All the mechanisms the EU has developed prior to and after the outbreak of Russia’s war on Ukraine – CARD, PESCO, EDF, EDIRPA and ASAP – contribute to the progressive framing of a European defence union, a development the European Parliament has called for in its successive resolutions. Addressing the EU leaders, President Metsola stressed that an EU ‘capable of countering new threats’ needs smart defence spending and would require PESCO to be reformed.
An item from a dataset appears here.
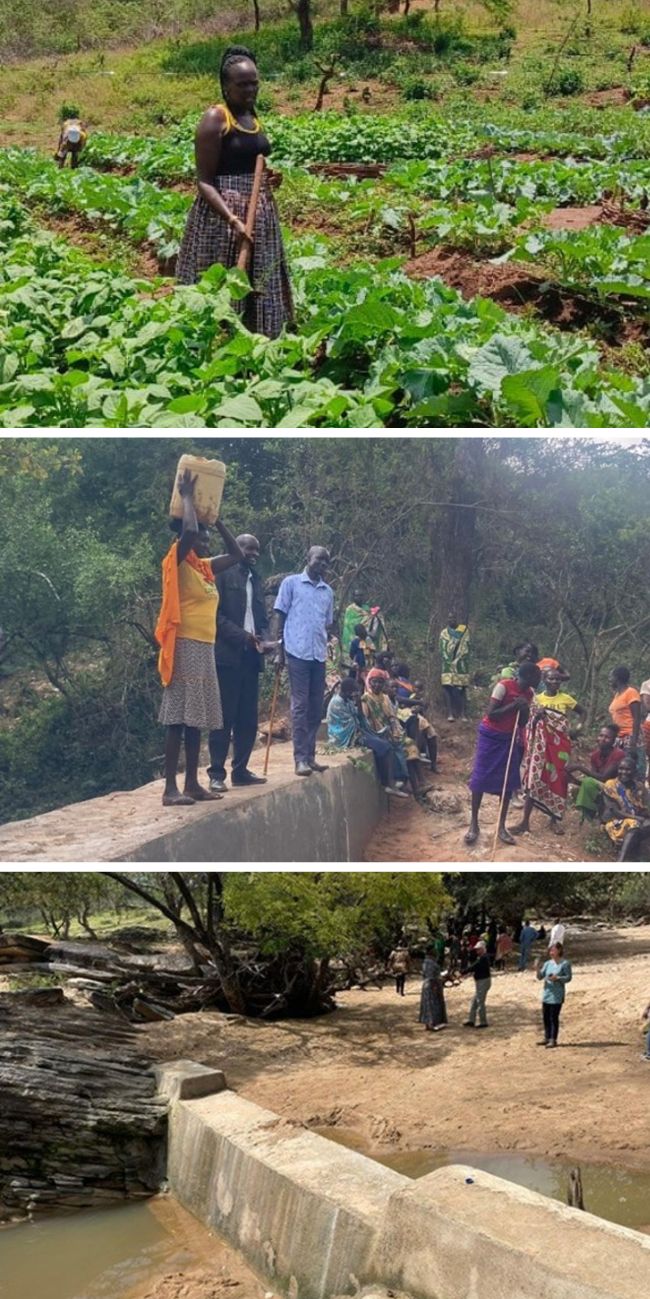 Top: Vivian in the vegetable garden Middle: Susan on new sand dam with jerrican Bottom: Established sand dam from behind

She also stressed that the EU ‘must go beyond the European Defence Fund and make the EU budget work for our security and defence policy whenever it adds value’.
The Parliament has also called on the EU institutions to ‘unleash the full potential of the provisions of the Treaty relating to CSDP’. It has proposed ‘that changes to the Treaties be considered in the case of the CSDP, to be discussed and decided upon within a convention following up on the Conference on the Future of Europe’. In the Parliament’s view, Treaty change in CSDP should lead to reducing the scope of unanimity and expanding Qualified Majority Voting (QMV) in the Council for ‘decisions with military implications’, while maintaining, inter alia, CSDP military missions with an executive mandate and the activation of Article 42(7)TEU, the mutual assistance clause, as exceptions from QMV. The Parliament is also calling for Articles 42 and 46 TEU as well as Article 346 TFEU to be amended in order to codify EU budget spending for defence, to limit Member State’s possibilities to continue to circumvent joint procurement rules, and to allow for the establishment of ‘joined and permanently stationed multinational military units including command structures’.
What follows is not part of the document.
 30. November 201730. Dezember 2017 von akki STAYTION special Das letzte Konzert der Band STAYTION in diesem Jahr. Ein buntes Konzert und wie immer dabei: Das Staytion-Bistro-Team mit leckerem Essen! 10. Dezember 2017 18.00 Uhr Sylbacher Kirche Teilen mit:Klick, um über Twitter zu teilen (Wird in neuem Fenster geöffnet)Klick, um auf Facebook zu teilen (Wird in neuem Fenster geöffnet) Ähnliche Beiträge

Obstacles to implementation of response
The existing policy responses – CARD, PESCO, EDF, EDIRPA and ASAP – are a set of instruments that help to develop European defence capabilities, boost voluntary joint procurement, foster economies of scale, avoid duplication and strengthen the European defence industry. Their successful implementation depends on the Member States’ willingness to change existing defence procurement patterns, which continue to favour national acquisitions rather than collaborative procurement. By creating or activating some of these instruments, the EU broke the long-lasting taboo of an EU budget that cannot be used for defence purposes. In the years to come, it is important to maximise the output that the EU budget can offer in support of security and defence by increasing the financial means allocated to the different instruments. Political will remains key to ensuring a leap forward in security and defence. Article 42(2) TEU allows the boundary between defence cooperation and integration to be pushed further by moving towards ‘common defence’. This development depends entirely on the European Council, but the Strategic Compass remains silent on the matter, a sign that there is, as yet, no political consensus among the EU Member States on this issue. An intermediate step would be the creation of a European defence union, a proposal the Parliament and the Commission have supported.